Prima del 21 luglio 2006, e in seguito ogni sette anni, la Commissione invia al Parlamento europeo e al Consiglio una relazione sull'applicazione della direttiva.

RIFERIMENTI

AttoEntrata in vigoreTermine ultimo di recepimento negli Stati membriGazzetta ufficiale

Direttiva 2001/42/CE

21.7.2001

21.7.2004

GU L197 del 21.7.2001

ATTI COLLEGATI

Relazione della Commissione, del 14 settembre 2009, sull'applicazione e l'efficacia della direttiva sulla valutazione ambientale strategica (direttiva 2001/42/CE) [COM(2009) 469 definitivo – Non pubblicata sulla Gazzetta ufficiale].
La relazione indica che l'applicazione della direttiva negli Stati membri è ancora nella fase iniziale ed occorre maturare ulteriore esperienza per poter decidere se modificare o meno la direttiva e, se del caso, come modificarla. Gli Stati membri consentono ai sistemi e processi di VAS di consolidarsi per migliorare il processo di pianificazione.
In generale, la direttiva VAS contribuisce a tenere in considerazione in modo sistematico e strutturato le questioni ambientali nel processo di pianificazione e ad integrare maggiormente le considerazioni ambientali a monte.
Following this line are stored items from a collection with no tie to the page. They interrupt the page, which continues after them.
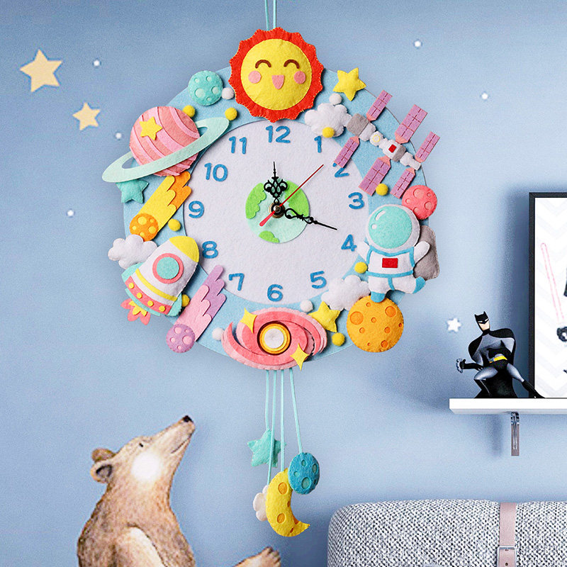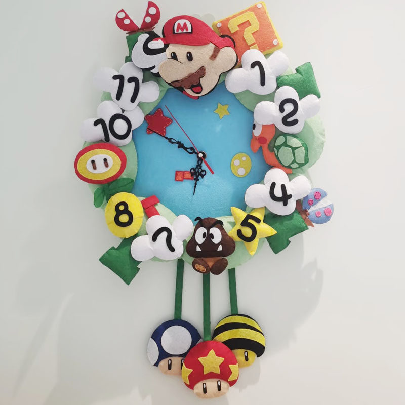 📚 不织布儿童diy马里奥挂钟创意钟表手工布艺材料包卡通动物挂饰
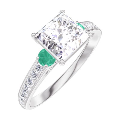 « L'ATELIER » Nº167387Anello Oro bianco 18 carati - Diamante Principessa 1 Carati - Pietre laterali Smeraldo - Incastonatura Diamante
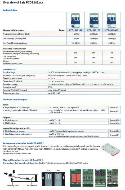 Model: PCD1.M2160 (Ethernet+large memory), PCD1.M2120 (Ethernet), PCD1.M2020 (no Ethernet)
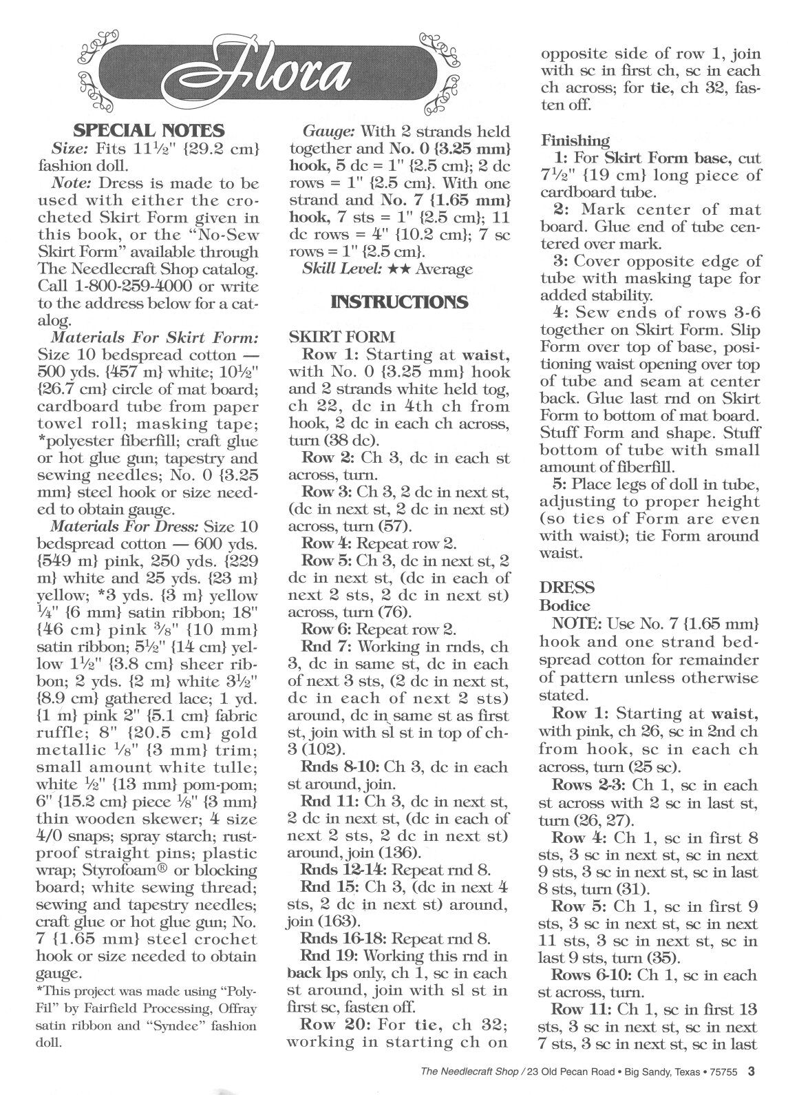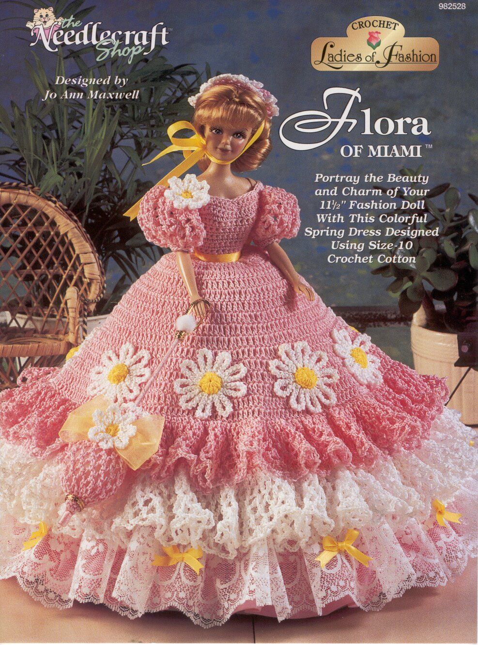 Ladies of Fashion Collection 4 Flora of Miami. Beautiful fancy gown to crochet for Barbie or and 11 1/2 ” doll!
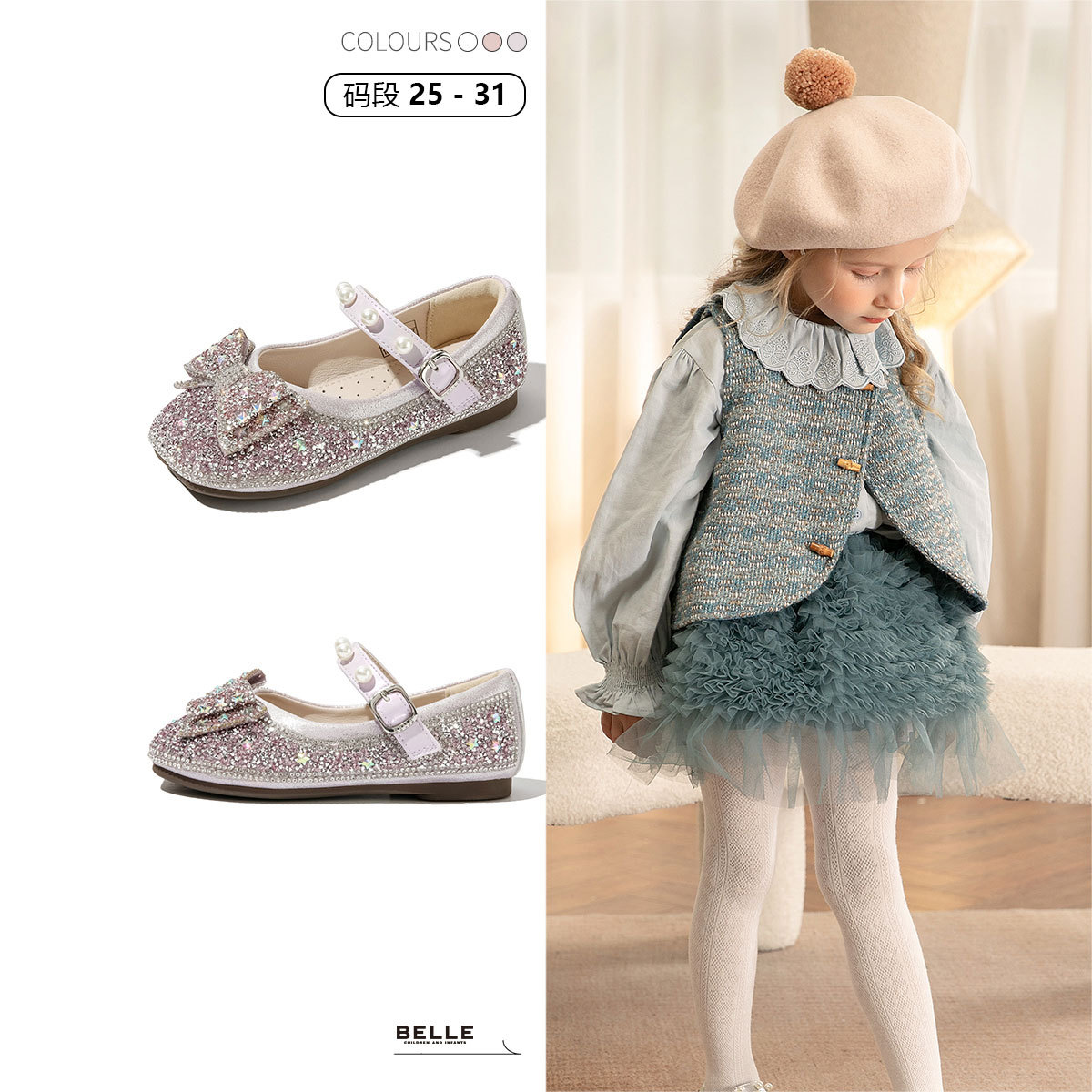 【彩钻珍珠蝴蝶结公主鞋】开学季春款女童皮鞋精致校园演出鞋单鞋 685259
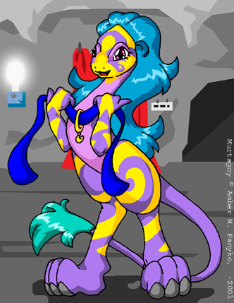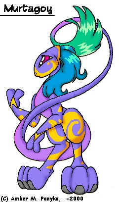 | History: When asked about her history, Murtagoy starts to talk about how she was owned by somebody and lived in someplace...but soon she'll trail off as if she has forgotten who and where it was. And odds are she likely has. What is known that Murtagoy is a varient from a genetically engineered species. The creators were an alien race who took it upon themselves to use their intelligence to create the perfect servant race, which was highly successful. Without needing to do work for themselves, the creator race delved into further pursuits of knowledge. Murtagoy's variation was a frivelous by-product to make the perfect race of "personal" servants. However shortly afterwards, the planet was overtaken by the more powerful Arachnicadian race. The Arachnicadians, a hunter species in general, chose the stronger and more hearty species of the created race over the creators, and ultimately destroyed the entire creator race in disgust over their now weakened physical state. Since then Murtagoy has been somewhat adrift...it is unknown how she ended up where she is as her particular variation is incredibly rare and highly sought after. But fate has played wierder games. Personality: It is unknown if Murtagoy's lack of foresight and intelligence is a flaw in her design, or deliberate. But the fact remains that Murtagoy is not the brightest crayon in the box. What she lacks in common sense though she makes up with heart, and Murtagoy seems convinced that it is her task to make those around her happy in any way she can. Unfortunatly in Murtagoy's mind the particular method this would best be done in is not exactly the most orthodox. As such, Murtagoy trying to push her affections onto anyone around her can be very awkward, though at the time she seems to be grasping the concept of time and place. Like a servant would, she's very obedient to those around her. Only recently has she begun to truly grasp the concept of thinking for herself. Physical Aspects: Murtagoy's peculiar colouring and shape make her ideal for shifting as she can assume the shape and form of almost any living animal. Subconciously Murtagoy seems to have a genetic library at her disposal, as she can readily assume the shape of any species and make alterations by ear. It's easy to guess that she was designed to be able to look however her owner describes. It also seems Murtagoy can expand this genetic library if she comes into touching contact with whatever she wants to transform. Though it should be noted that looks and personality are two different things. Murtagoy may be able to make herself look like someone, but acting like them requires a level of talent Murtagoy seems to lack. The nature of her shapeshifting also means she can alter her physical aspects to heal instantly, become immune to illness, or just be a downright bugger to kill. Odds are it would take total cell destruction or a swift removal of the head...but even thats debatable. Funky Fun Facts: Murtagoy's natural fragrance would be something similar to raspberries and vanilla. The particular variation of Murtagoy's kind are sterile, and the genetic coding makes her unclonable. The more common variation of Murtagoy's race are very earth-toned colours and sub-average intelligence. There are only around 3,000 of Murtagoy's particular variation in known existance. Murtagoy's default gender is female. Murtagoy has a particular love of stuffed toys, and likes to make dolls of her friends. |
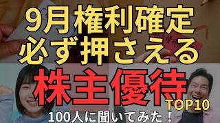 【9月権利確定】今狙ってるおすすめ株主優待、100人に聞いてみた!トップ10発表!必要資金の少なく、お得な優待が次々にランクインしました!
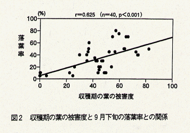 - 収穫期の葉の被害度が増加するにつれて9月下旬の落葉率も有意に増加する(図2)。通常の落葉期は10月下旬であることから、サビダニに強く加害された樹では早期落葉が起こりやすいと考えられる。
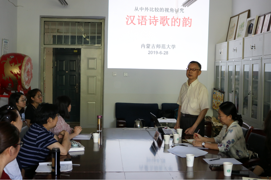2019年6月28日,著名语言学家、音韵学家鲁国尧教授莅临我院,围绕“汉语诗歌的韵”这一主题做了专场学术讲座。讲座从中外比较的视角深入细致地解析汉语诗歌的韵。讲座由闫艳院长主持,我院中国古典文献学、汉语言文字学、语言学及应用语言学的师生聆听了此次讲座。

Inoltre, le prescrizioni della direttiva (rapporto ambientale, consultazione e informazione delle autorità e del pubblico interessati, ecc.) assicurano che le procedure di pianificazione siano migliori e più armonizzate e contribuiscono a rendere i processi decisionali trasparenti e più partecipativi.

Relazione della Commissione del 27 ottobre 2006 - Relazione tra la direttiva sulla valutazione ambientale strategica e i fondi comunitari [COM(2006) 639 definitivo - Non pubblicata sulla Gazzetta ufficiale].
In seguito alla riforma dei Fondi strutturali avvenuta nel 2006, tutti i piani o programmi attuati dopo il 2006 nell'ambito di tali fondi e che rientrano nel campo d'applicazione della direttiva VAS saranno oggetto di una valutazione ambientale prima della loro adozione. Questa valutazione sostituisce la componente ambientale della valutazione ex ante imposta ai piani di sviluppo, agli interventi e al complemento di programmazione nell'ambito dei Fondi strutturali per il periodo 2000-2006. Nei casi in cui non è prevista una valutazione ambientale strategica, la valutazione ex ante obbligatoria del piano o del programma dovrà prendere in esame le implicazioni ambientali della proposta.